Looking at the kernel crash from https://testing.whamcloud.com/test_sets/9f692e08-fdc9-11e8-93ea-52540065bddc , we see

[ 5308.450564] Lustre: DEBUG MARKER: == replay-vbr test 0b: getversion for non existent fid shouldn't cause kernel panic ================== 21:08:17 (1544562497)

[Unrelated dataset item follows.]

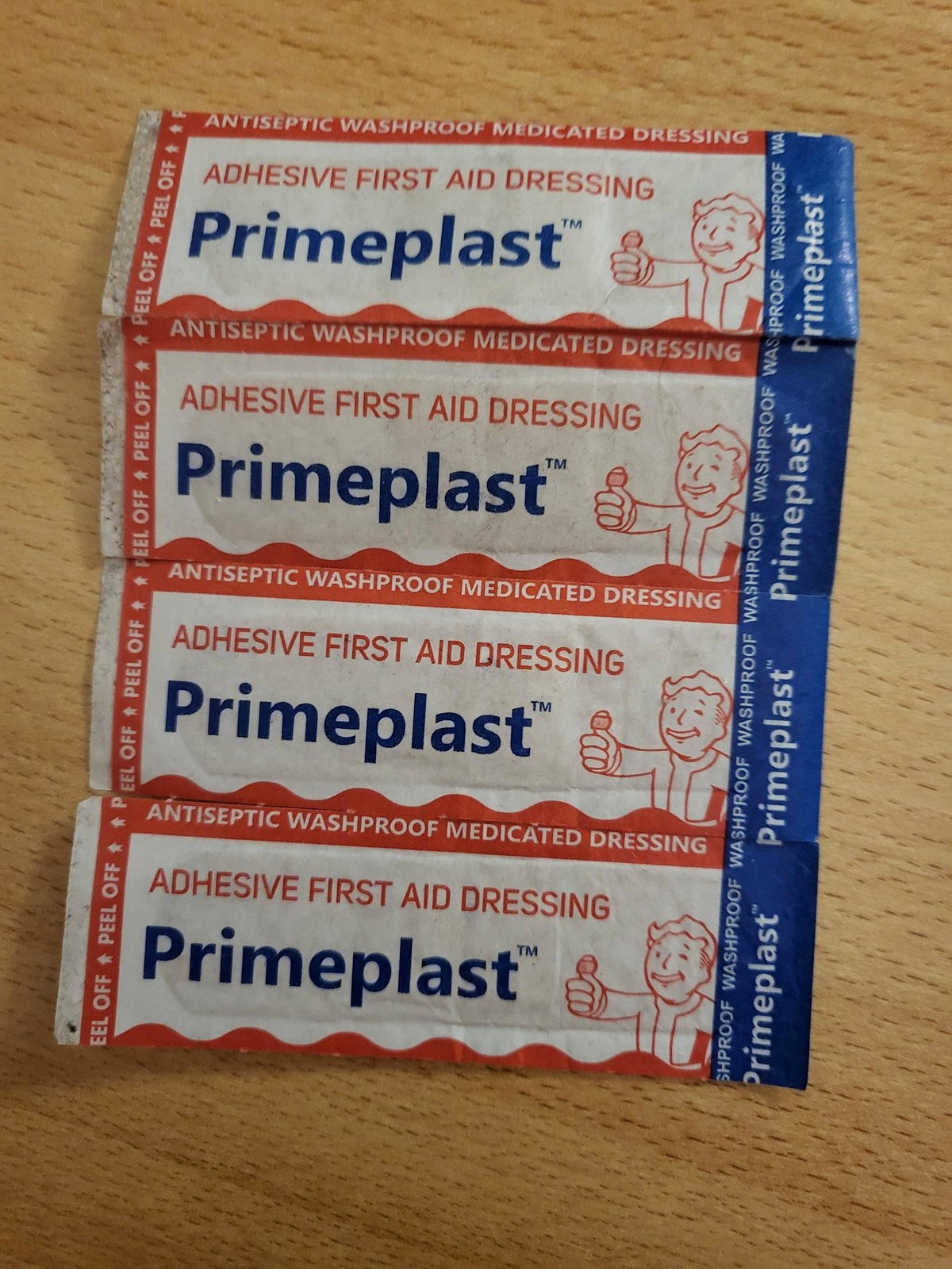 Производитель украсил упаковки пластырей Primeplast изображением Волт-Боя, маскота вселенной Fallout. Похоже, палец Волт-Боя, стоящего в характерной позе, замотан тем же самым пластырем.
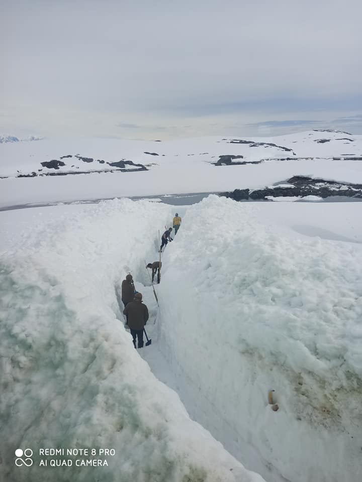 Зимовщики и участники сезонной экспедиции уже несколько недель освобождают территорию "Вернадского" от снежного плена. Почти откопали жилой корпус, часовню и проход ко второму причалу Джету. Также для проведения запланированных работ по модернизации станции расчистили металлоконструкцию возле дизельной для перемещения грузов, территорию за мусорной площадкой для ее расширения, место для прокладки новой топливной линии и фундамент крана для гидроизоляции.

[ 5308.527820] LustreError: 12286:0:(osp_sync.c:346:osp_sync_declare_add()) ASSERTION( ctxt ) failed: 
[ 5308.528714] LustreError: 12286:0:(osp_sync.c:346:osp_sync_declare_add()) LBUG
[ 5308.529382] Pid: 12286, comm: mdt00_000 3.10.0-957.el7_lustre.x86_64 #1 SMP Sat Dec 8 05:53:16 UTC 2018
[ 5308.530265] Call Trace:
[ 5308.530534]  [<ffffffffc079d7cc>] libcfs_call_trace+0x8c/0xc0 [libcfs]
[ 5308.531258]  [<ffffffffc079d87c>] lbug_with_loc+0x4c/0xa0 [libcfs]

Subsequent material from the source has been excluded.